*Exercise brief*. Would you retype every entry that follows without altering a word?

*Material for this task*.
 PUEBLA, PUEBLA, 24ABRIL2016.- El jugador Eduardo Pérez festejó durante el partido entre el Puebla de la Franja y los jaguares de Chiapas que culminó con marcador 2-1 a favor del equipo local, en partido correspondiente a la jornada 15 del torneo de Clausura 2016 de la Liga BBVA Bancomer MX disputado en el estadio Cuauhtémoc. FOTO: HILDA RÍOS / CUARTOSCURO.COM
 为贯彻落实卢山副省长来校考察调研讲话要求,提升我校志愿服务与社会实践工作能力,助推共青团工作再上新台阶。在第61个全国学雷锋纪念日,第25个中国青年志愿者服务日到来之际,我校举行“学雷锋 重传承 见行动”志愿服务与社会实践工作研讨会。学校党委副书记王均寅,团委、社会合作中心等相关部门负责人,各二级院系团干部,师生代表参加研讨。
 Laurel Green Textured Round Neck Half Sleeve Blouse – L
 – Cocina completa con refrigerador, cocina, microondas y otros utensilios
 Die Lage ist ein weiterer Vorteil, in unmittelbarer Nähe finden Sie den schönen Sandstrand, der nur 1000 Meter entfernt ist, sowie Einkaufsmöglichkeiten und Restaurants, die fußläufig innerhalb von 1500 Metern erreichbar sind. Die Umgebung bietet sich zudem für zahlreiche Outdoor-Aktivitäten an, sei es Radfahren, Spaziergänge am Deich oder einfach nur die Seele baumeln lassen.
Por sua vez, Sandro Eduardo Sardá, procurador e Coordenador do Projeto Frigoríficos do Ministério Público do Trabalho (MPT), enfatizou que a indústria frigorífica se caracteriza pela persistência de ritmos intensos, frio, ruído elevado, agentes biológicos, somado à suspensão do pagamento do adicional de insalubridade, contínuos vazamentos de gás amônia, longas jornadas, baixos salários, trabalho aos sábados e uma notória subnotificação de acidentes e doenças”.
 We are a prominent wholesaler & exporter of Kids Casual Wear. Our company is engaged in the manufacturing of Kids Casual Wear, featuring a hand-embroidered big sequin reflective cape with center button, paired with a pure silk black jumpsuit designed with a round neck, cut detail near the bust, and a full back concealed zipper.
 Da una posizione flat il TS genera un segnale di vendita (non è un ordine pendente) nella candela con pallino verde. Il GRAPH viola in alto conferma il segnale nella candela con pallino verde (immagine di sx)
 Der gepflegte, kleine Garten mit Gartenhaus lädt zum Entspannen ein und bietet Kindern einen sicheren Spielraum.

*Exercise result*.
 PUEBLA, PUEBLA, 24ABRIL2016.- El jugador Eduardo Pérez festejó durante el partido entre el Puebla de la Franja y los jaguares de Chiapas que culminó con marcador 2-1 a favor del equipo local, en partido correspondiente a la jornada 15 del torneo de Clausura 2016 de la Liga BBVA Bancomer MX disputado en el estadio Cuauhtémoc. FOTO: HILDA RÍOS / CUARTOSCURO.COM
 为贯彻落实卢山副省长来校考察调研讲话要求,提升我校志愿服务与社会实践工作能力,助推共青团工作再上新台阶。在第61个全国学雷锋纪念日,第25个中国青年志愿者服务日到来之际,我校举行“学雷锋 重传承 见行动”志愿服务与社会实践工作研讨会。学校党委副书记王均寅,团委、社会合作中心等相关部门负责人,各二级院系团干部,师生代表参加研讨。
 Laurel Green Textured Round Neck Half Sleeve Blouse – L
 – Cocina completa con refrigerador, cocina, microondas y otros utensilios
 Die Lage ist ein weiterer Vorteil, in unmittelbarer Nähe finden Sie den schönen Sandstrand, der nur 1000 Meter entfernt ist, sowie Einkaufsmöglichkeiten und Restaurants, die fußläufig innerhalb von 1500 Metern erreichbar sind. Die Umgebung bietet sich zudem für zahlreiche Outdoor-Aktivitäten an, sei es Radfahren, Spaziergänge am Deich oder einfach nur die Seele baumeln lassen.
Por sua vez, Sandro Eduardo Sardá, procurador e Coordenador do Projeto Frigoríficos do Ministério Público do Trabalho (MPT), enfatizou que a indústria frigorífica se caracteriza pela persistência de ritmos intensos, frio, ruído elevado, agentes biológicos, somado à suspensão do pagamento do adicional de insalubridade, contínuos vazamentos de gás amônia, longas jornadas, baixos salários, trabalho aos sábados e uma notória subnotificação de acidentes e doenças”.
 We are a prominent wholesaler & exporter of Kids Casual Wear. Our company is engaged in the manufacturing of Kids Casual Wear, featuring a hand-embroidered big sequin reflective cape with center button, paired with a pure silk black jumpsuit designed with a round neck, cut detail near the bust, and a full back concealed zipper.
 Da una posizione flat il TS genera un segnale di vendita (non è un ordine pendente) nella candela con pallino verde. Il GRAPH viola in alto conferma il segnale nella candela con pallino verde (immagine di sx)
 Der gepflegte, kleine Garten mit Gartenhaus lädt zum Entspannen ein und bietet Kindern einen sicheren Spielraum.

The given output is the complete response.